Nicky Lidbetter, chief executive of charity Anxiety UK, said: “For those with anxiety conditions such as panic attacks and claustrophobia, we know that travel by the Underground can be problematic and challenging. “This new map is an excellent resource for those wishing to avoid journeys where there are tunnels, serving as a great pre-journey planning aid and increasing access to public transport. I sincerely hope that the map will encourage those with claustrophobia and/or panic attacks who have previously avoided this form of public transport out of fear to reconsider their use of the Tube.”

About 10 per cent of people in the UK sometimes suffer claustrophobia, according to the NHS. Transport for London (TfL) director of customer strategy Mark Evers said: “Making the Tube network accessible for everyone is one of our top priorities. This new map is just one of the tools we have created in response to feedback from our customers on how we can make the transport network more accessible, making travelling easier and more comfortable for all our customers.”

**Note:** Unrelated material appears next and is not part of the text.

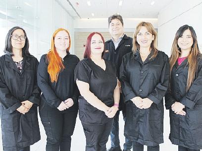 En el Centro Molecular, el equipo que dirige las operaciones científicas es mayoritariamente femenino, en la foto, en el orden acostumbrado, figuran la Dra. Pearl Akamine, de operaciones científicas, Noelia Elespe Candelario y Luisa M. Fernández García, ambas tecnólogas veterinarias, Vilmarie Mercado Nieves, de operaciones científicas, la Dra. Perla Cruz Tato, gerente de instrumentación científica, y el Dr. José A. Lasalde, director científico del Centro Molecular.
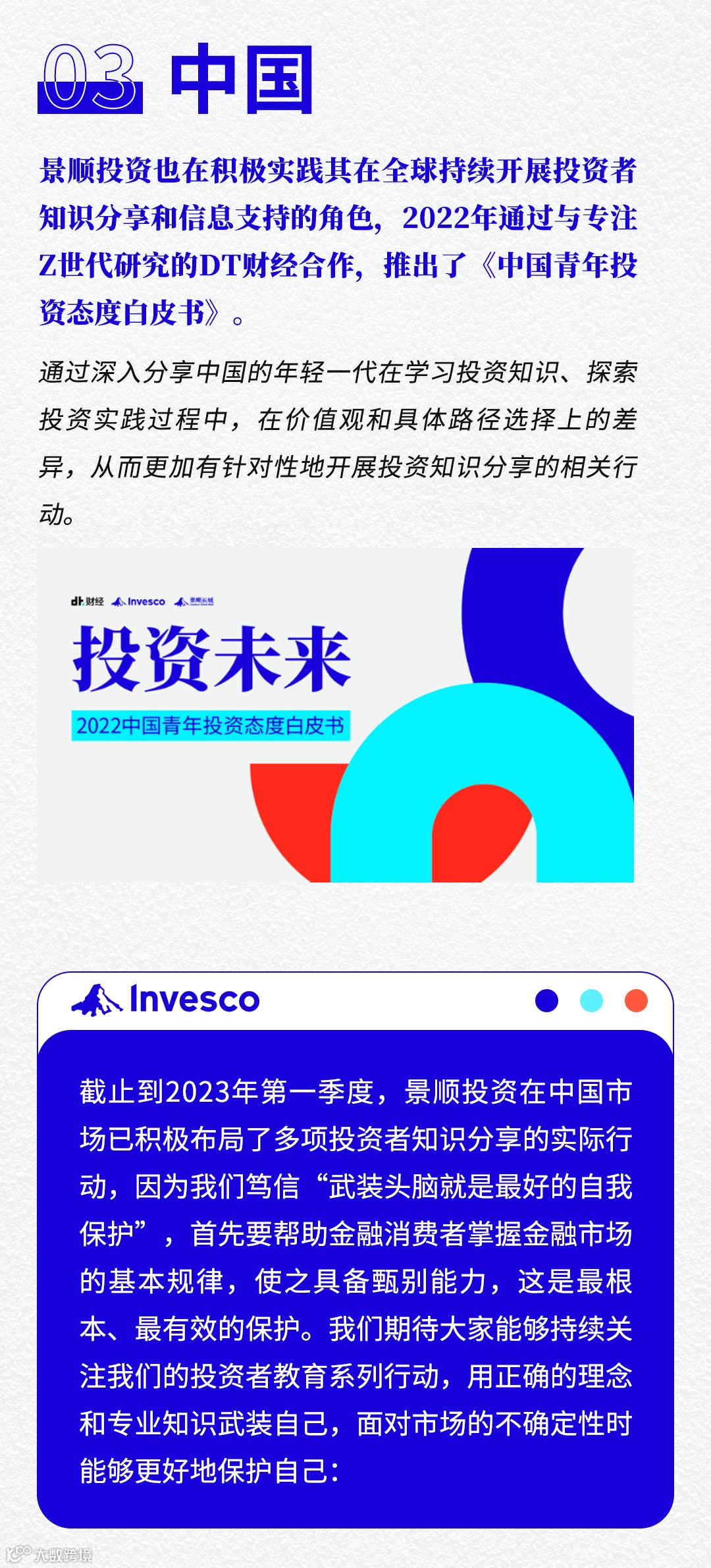 本文仅供参考,不构成在授权任何人在任何司法管辖区内的分销、买卖或招揽买卖任何证券或金融产品,也不导向出版或提供景顺上海的微信页面被禁止的司法管辖区内(由于该人的国籍,居住地或其他方式)的任何人。本文所载的信息可能会因应市场动态而改变,景顺不承担更新任何前瞻性声明的义务。实际事件亦可能与假设有所不同。本账号的内容版权归景顺所有,除非另有说明。版权所有。投资涉及风险。景顺或其附属公司或景顺或其附属公司的任何董事或雇员不对任何人依赖此类信息而造成的任何损害或损失(无论是侵权行为或合同或其他方式)承担责任,也不对任何错误或遗漏(包括但不限于第三方来源的错误或遗漏)承担责任。

In April TfL announced badges for people with hidden health conditions who needed a seat on trains and buses were to be permanently available –  “please offer me a seat” badges were made available to riders with physical ailments that often go unnoticed. Riders who tested the program said it made 72 percent of their journeys easier. They follow the popular “baby on board” badges for expectant mothers.

Richard Lane, head of communications at disability charity Scope, said: “It’s great to see London Underground taking steps to make travelling easier for more people.”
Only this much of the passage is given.